> I think I went through high water too fast when it rained because all of a
> sudden I have no tail lights or dash lights. I replaced the fuse several
> times only to have the new fuse fry within seconds of putting it in and
> turning on the lights. How big of problem is this to fix for the guy who
> knows nothing about vehicle electric?
This may be the simplest method for you R.I..I think that the water has
shorted the circuit. Probably a connector or socket (tail lights, maybe
rear markers as well). Look under the car for connectors and sockets
that were vulnerable to your water event. Purchase a circuit breaker
fuse of the same amperage to use for testing purposes and install it
where the normal fuse is now. Pull the connectors/sockets apart one at a
time until the breaker stops opening (then you've found it), dry them
out (heat gun or hair dryer BE CAREFUL), dielectric them, and then
replace the C/B fuse with a normal type. Good luck. Stay dry.
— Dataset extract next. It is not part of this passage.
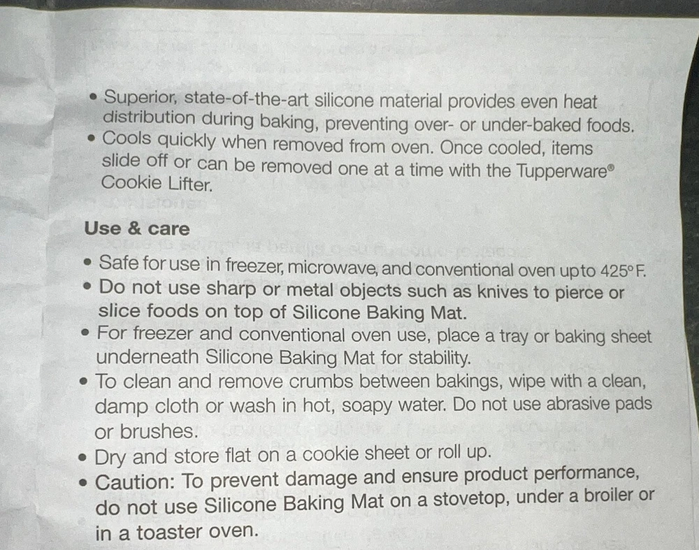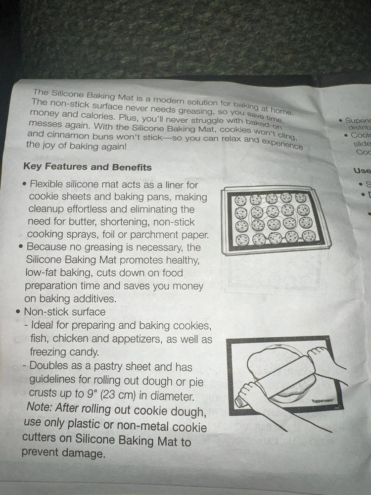 PRODUCT DESCRIPTION FOR AUCTION/STORE LISTING UP FOR BID IS: brand new unused—TUPPERWARE NEW JR. Silicone Silicon Baking SHEET junior jr. Wonder Mat 12” x 9” OLD STOCK. THIS IS THE SMALLER MAT CALLED THE JUNIOR JR. Great to use on your baking pans it allows the cookies to just slip off. I use mine for making candies and almond bark. Just spread the melted almond bark with crushed paper mints and let it harden then easily break into pieces and just wash with a cloth. Easy peasy! I love mine! This is for a BRAND NEW. You will receive the one shown in the pics. Less mess less fuss. Just pop on the center rack in your oven and cook on a baking pan. PLEASE ASK ANY QUESTIONS PRIOR TO BIDDING. THANKS! TO HELP SAVE ON SHIPPING COSTS, I WILL SHIP THIS ITEM IN A POLYBAG--IT WILL BE WRAPPED IN BUBBLE WRAP TO PROTECT IN SHIPPING. IF YOU DECIDE YOU PREFER IT TO SHIP IN A BOX, PLEASE LET ME KNOW AND I WILL BE HAPPY TO CHANGE THE METHOD AND FEES AS IT WILL COST A LITTLE MORE TO SHIP IN A BOX...THANKS.. ANY OTHER QUESTIONS, PLEASE DO NOT HESITATE TO CONTACT ME. THANKS....I DO COMBINE SHIPPING FOR MULTIPLE PURCHASES WHEN PAID ON ONE INVOICE. WAIT FOR YOUR UPDATED INVOICE --IF YOU DON'T RECEIVE IT, CONTACT ME FOR IT....DON'T PAY OR I WON'T BE ABLE TO COMBINE THE SHIPPING...THANKS>>>>> THANKS FOR SHOPPING WITH ME - GOOD LUCK...ANY QUESTIONS, PLEASE ASK ME...IF I DON'T HAVE WHAT YOU ARE LOOKING FOR, LET ME KNOW...I MAY HAVE IT AND WILL GLADLY LIST FOR YOU...THANKS!!! Visit My eBay Store: gardensido tuppnstuff Check out my other items - opens in a new window or tab! Be sure to add me to your favorites list - opens in a new window or tab! PLEASE READ THE INFO BELOW PRIOR TO BIDDING: INSURANCE & HANDING FEE DOMESTIC USA DOMESTIC USA -I CHARGE A $.75-2.00 HANDLING FEE TO COVER INK, PAPER, DELIVERY CONFIRMATION, INSURANCE AND OTHER INCIDENTALS. THESE FEES ARE NOT NEGOTIABLE. THESE FEES ARE INCLUDED IN THE SHIPPING COST TOTAL QUOTED ON THE SHIPPING CALCULATOR. I only charge a one time fee per invoice for the above regardless of how many items you purchase from me (SO LONG AS YOU WAIT FOR THE INVOICE FOR ALL ITEMS PURCHASED AND PAY ON ONE INVOICE!!!!), so the more you buy, the more you save....if you are looking for something, please ask...i may have it~!!! INSURANCE AND HANDLING FEE INTERNATIONAL I CHARGE A $4.00 HANDLING FEE TO COVER INK, PAPER, INSURANCE AND OTHER INCIDENTALS NECESSARY TO SHIP INTERNATIONALLY. NO DELIVERY CONFIRMATION ON FIRST CLASS INT'L -THESE FEES ARE NOT NEGOTIABLE AND ARE INCLUDED IN THE SHIPPING COST TOTAL. Import duties, taxes and charges are not included in the item price or shipping charges. These charges are the buyer's responsibility. These charges are normally collected by the delivering freight (shipping) company or when you pick the item up – do not confuse them for additional shipping charges. Please check with your country's customs office to determine what these additional costs will be prior to bidding/buying. International customers may experience longer shipping times due to customs-related delays. If you have any questions, please contact USPS for more info. We do not mark merchandise values below value or mark items as "gifts" - US and International government regulations prohibit such behavior. I only charge a one time fee per invoice for the above regardless of how many items you purchase from me (SO LONG AS YOU WAIT FOR THE INVOICE FOR ALL ITEMS PURCHASED AND PAY ON ONE INVOICE!!!!), so the more you buy, the more you save....if you are looking for something, please ask...i may have it~!!! PAYMENT PAYMENT IS DUE WITHIN 5 DAYS OF AUCTION END IF PAYMENT IS NOT RECEIVED BY THE 10TH DAY, AN UNPAID ITEM DISPUTE WILL BE FILED. INSURANCE DUE TO NEW EBAY POLICY AND SELLER STANDARDS, INSURANCE IS INCLUDED IN THE COST OF YOUR SHIPPING AND HANDLING. PLEASE MAKE SURE YOU CHECK YOUR ITEMS AS SOON AS YOU RECEIVE THEM. IF THERE IS A CLAIM TO BE MADE, YOU HAVE 48 HOURS TO MAKE A CLAIM. YOU MUST KEEP ALL ITEMS AS RECEIVED INCLUDING: PACKAGE, LABELS, PACKING MATERIALS, ALL BROKEN BITS AND PIECES AS, ETC. WITHOUT THIS, AUCTIVA MAY CANCEL THE CLAIM AND I WILL NOT REFUND OR BE RESPONSIBLE IF DUE TO ALL ITEMS NOT KEPT. You agree that your failure to contact me within 48 hours of receipt will be an indication that you have received your item and are pleased with it and therefore, no resolution is necessary thru Ebay or Paypal. SHIPPING I WILL BE HAPPY TO COMBINE SHIPPING....DOMESTIC $3.00 EACH ADDITIONAL ITEM WITH THE HEAVIEST BEING CHARGED FULL PRICE - INTERNATIONAL - IT WILL DEPEND ON THE WEIGHT AND YOUR LOCATION, BUT I WILL HAPPILY COMBINE SHIPPING!! I WILL GIVE YOU THREE SHIPPING OPTIONS WHICH CAN BE FIRST CLASS, PRIORITY, PARCEL POST OR UPS - YOU CAN CHECK THE SEE DETAILS FOR MORE INFO ON THESE. I RESERVE THE RIGHT TO SHIP ANOTHER METHOD IF I FEEL IT WILL BE QUICKER OR BETTER TRACKING FOR MY CUSTOMER BUT IF I DO THIS, IT WILL BE AT MY OWN EXPENSE. ALL COMBINED SHIPPING MUST BE DONE WITHIN 5 DAYS OF THE FIRST AUCTION. PLEASE ADVISE IF YOU ARE SHOPPING MY LISTINGS...UNPAID ITEM DISPUTE WILL BE FILED ON THE 10TH DAY FOR NON-PAYMENT. Terms of Sale All sales are final. I do not take returns, EXCEPT IN RARE INSTANCES AND THAT IS UP TO MY DISCRETION. Please ask your questions before you bid or purchase. Paypal only payment policy – INSURANCE IS INCLUDED IN YOUR SHIPPING COST. DUE TO NEW POLICIES, I MUST INCLUDE INSURANCE FOR BOTH OUR PROTECTIONS…THIS INCLUDE DOMESTIC USA AND INTERNATIONAL. MISCELLANEOUS INFO • NO SMOKING ALLOWED INSIDE MY HOUSE! WE DO HAVE A DOG AND A CAT HAS ADOPTED US AS WELL AS I BABYSIT MY GRANDDOGS ON OCCASIONS. (MANY ITEMS ARE USED ITEMS AND MAY NOT BE FROM A SMOKE FREE-PET FREE-HOME...I DO CLEAN THEM BEFORE I SHIP THEM OUT....AND ONCE AT MY HOUSE, THEY ARE SMOKE FREE... I WILL ADVISE IF THE ITEM IS BRAND NEW AND SOMETIMES, ITEMS MAY APPEAR TO BE NEW AND I WILL ADVISE THAT TOO....ALWAYS ASK IF YOU HAVE ANY QUESTIONS..... :^) • AS IT IS MY INTENT TO GIVE YOU

mack - 29 May 2007 17:41 GMT
"Ph@Boy" <user@example.net> wrote in message
> This may be the simplest method for you R.I..I think that the water has
> shorted the circuit. Probably a connector or socket (tail lights, maybe
[quoted text clipped - 5 lines]
> or hair dryer BE CAREFUL), dielectric them, and then replace the C/B fuse
> with a normal type. Good luck. Stay dry.
Good advice, but I'd steer clear of a heat gun, unless it's used VERY
judiciously. It may take a little longer to dry out with a hair dryer, but
you won't melt the plastic parts as easily.
Reasoned Insanity - 29 May 2007 21:49 GMT
> "Ph@Boy" <user@example.net> wrote in message
>> This may be the simplest method for you R.I..I think that the water has
[quoted text clipped - 10 lines]
> judiciously. It may take a little longer to dry out with a hair dryer,
> but you won't melt the plastic parts as easily.
Sadly, I found out that everything was burnecd up all the way back to the
taillights. I wouldn't know the first thing about replacing it so it's gonna
run about $300 to fix. Donations anyone?